I have a code that displays pagination on the page:

enter image description here

This displays all the elements as is - from the first to the MaxPage:

@if (Model.IsFirst()) { <li class="page-item disabled"><a class="page-link" href="@Model.GetUrl(1)"><<</a></li> <li class="page-item disabled"><a class="page-link" href="@Model.GetUrl(Model.PageNumber - 1)"><</a></li> } else { <li class="page-item"><a class="page-link" href="@Model.GetUrl(1)"><<</a></li> <li class="page-item"><a class="page-link" href="@Model.GetUrl(Model.PageNumber - 1)"><</a></li> } @for (var i = 1; i <= Model.MaxPageCount; i++) { if (Model.IsCurrent(i)) { <li class="page-item active"> <a class="page-link disabled" href="@Model.GetUrl(i)">@i</a> </li> } else { <li class="page-item"> <a class="page-link" href="@Model.GetUrl(i)">@i</a> </li> } }

Problems begin when the number of pages becomes more than 10 (and quite often in pagination and on three hundred pages happens) - they fly away for the right border of the screen.

I sit think what condition you need to take to pagination was shown beautifully.

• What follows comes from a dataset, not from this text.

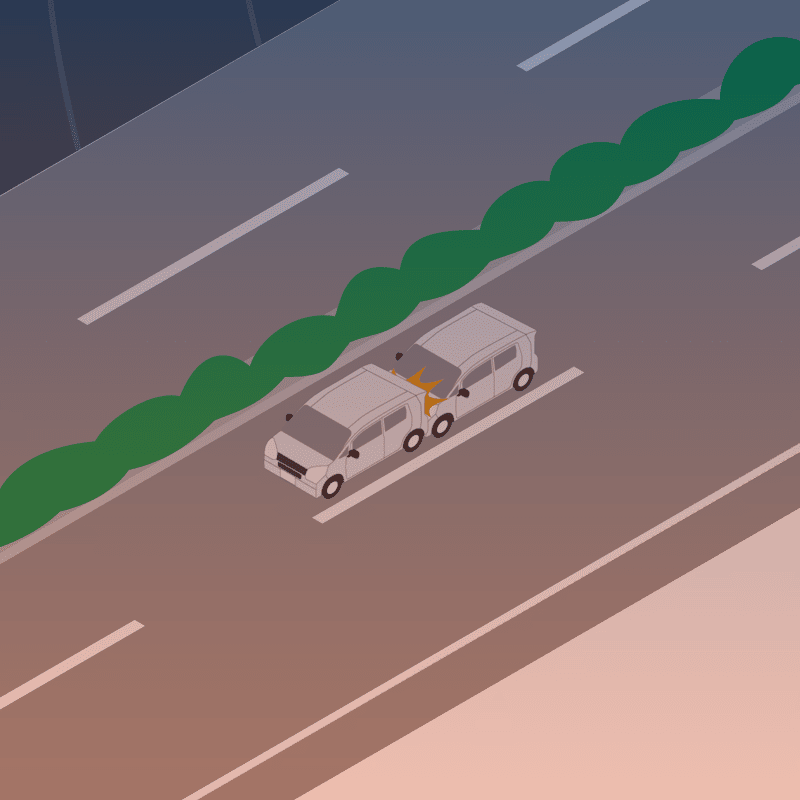・イラストに使用している各要素(車、背景、車、天候、信号、衝突地点など)は、代表的なイメージをイラスト化しており、色や形状等含め現実の事故の状況とは異なります。あくまで、事故のイメージとして参考までにご活用ください。

Let's try to formalize the condition. There is some IEnumerable<int> from 1 to Model.MaxPageCount and there is some number PageNumber (current page number) that belongs to this sequence.

Not sure exactly, but let's say I need to get no more than five elements BEFORE the current page and no more than five elements AFTER the current page.

At the same time, I don’t know how to handle the situation nicely, that if there are not enough pages (for example, we are looking at page 3, then there will be pages 1 and 2), then afterwards you probably should take a little more - not five, but three more. But also not the fact that AFTER the necessary number of pages suffices.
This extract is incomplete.